* What you have to do: Write out the whole listing exactly; no images belong in it.

BEGIN Given data

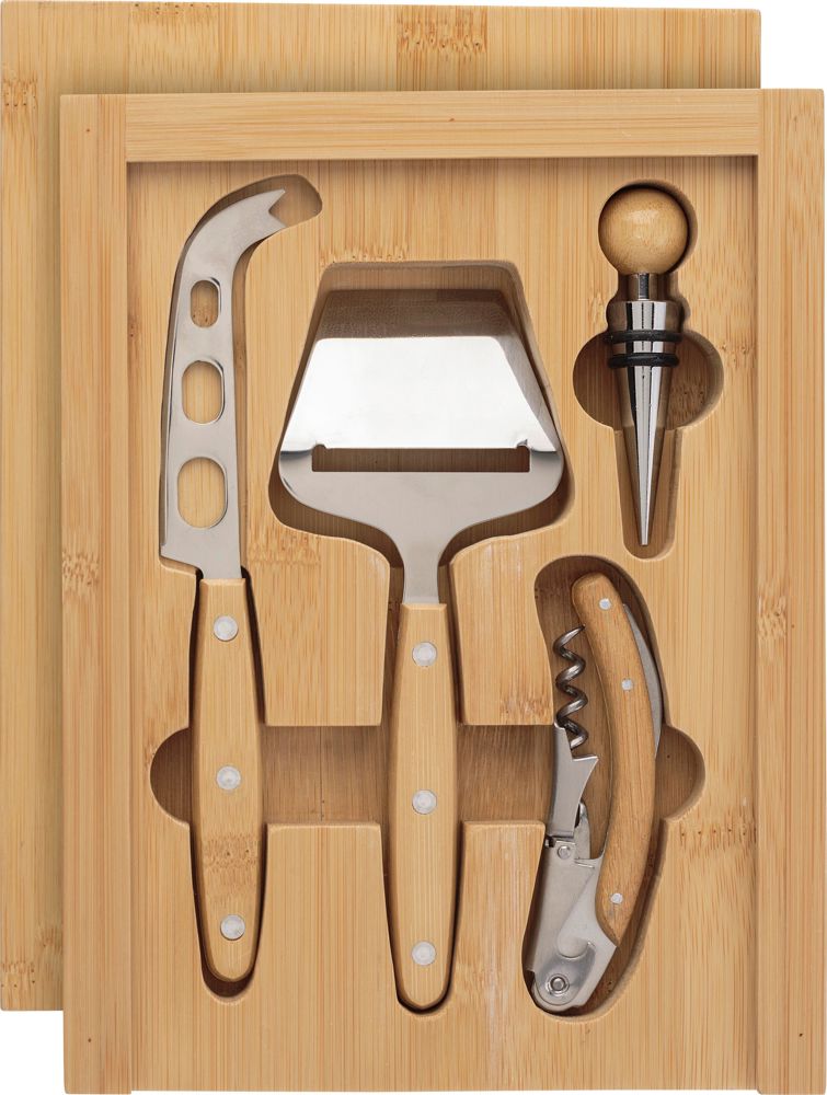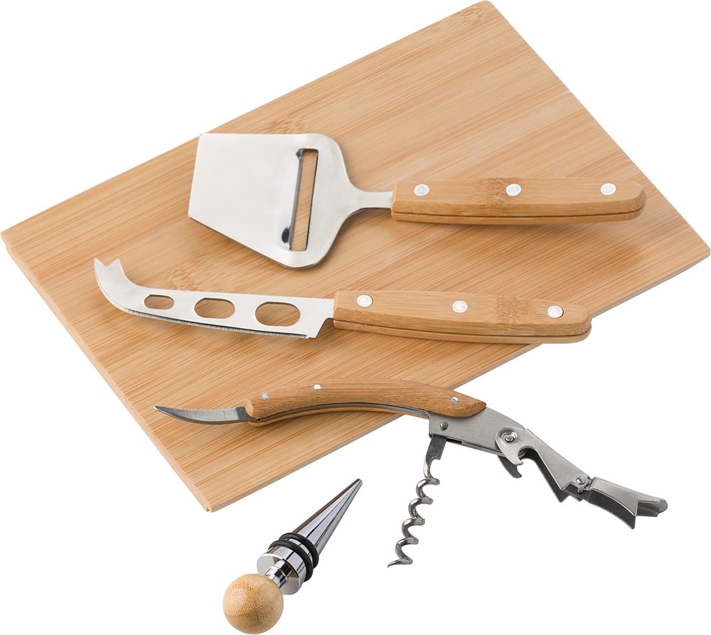 Bamboe kaas- en wijnset, bestaande uit: kurkentrekker, wijnstop, kaasrasp en mes.meer
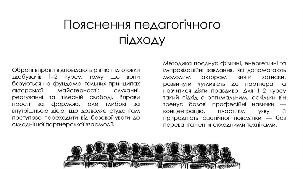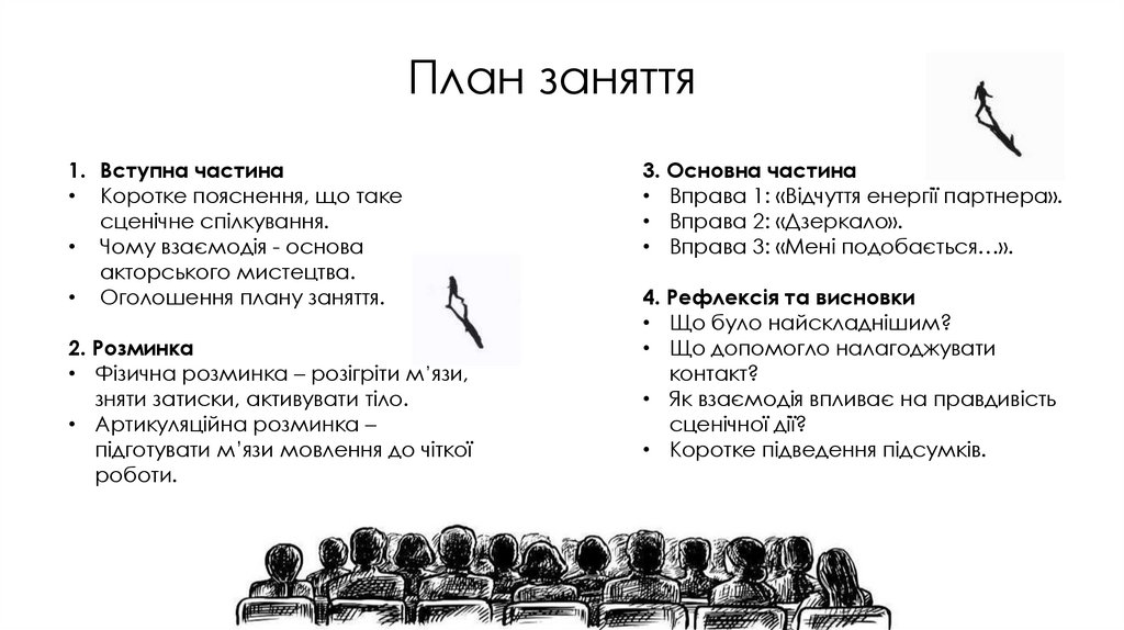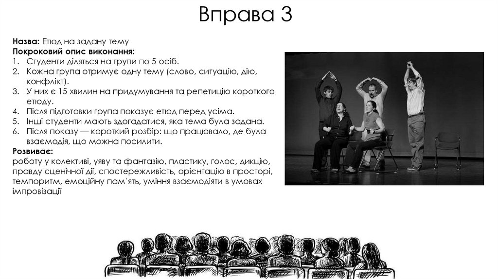 4. Навчити студентів працювати в простих сценічних обставинах, створюючи
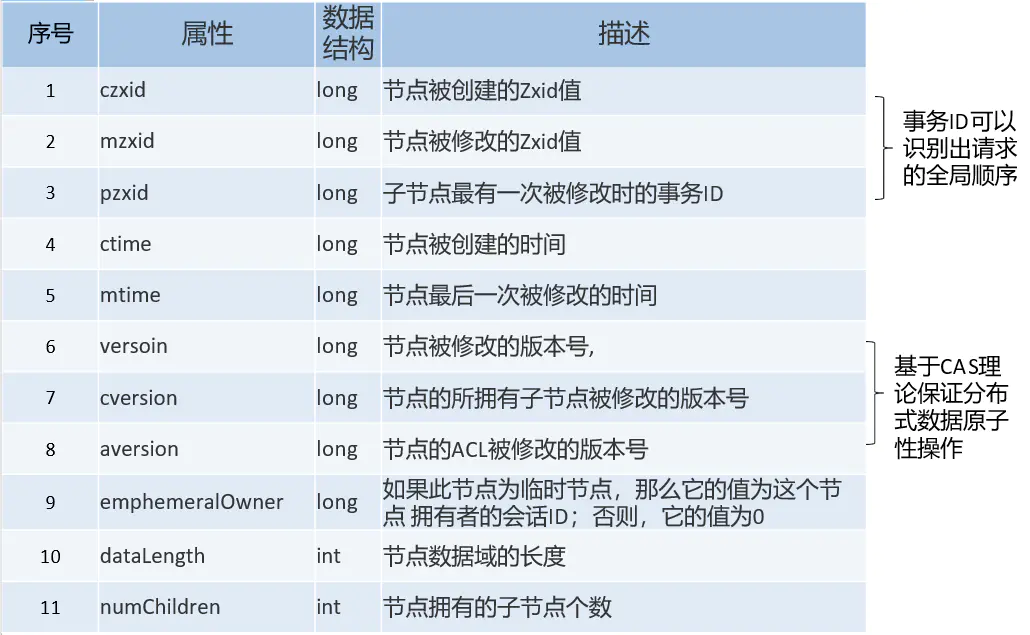 在每个 ZNode 中都维护着一个 stat 结构,记录了该 ZNode 的元数据,其中包括版本号、操作控制列表(ACL)、时间戳和数据长度等信息,如下表所示:

END Given data

* Written reply:
 Bamboe kaas- en wijnset, bestaande uit: kurkentrekker, wijnstop, kaasrasp en mes.meer
 4. Навчити студентів працювати в простих сценічних обставинах, створюючи
 在每个 ZNode 中都维护着一个 stat 结构,记录了该 ZNode 的元数据,其中包括版本号、操作控制列表(ACL)、时间戳和数据长度等信息,如下表所示:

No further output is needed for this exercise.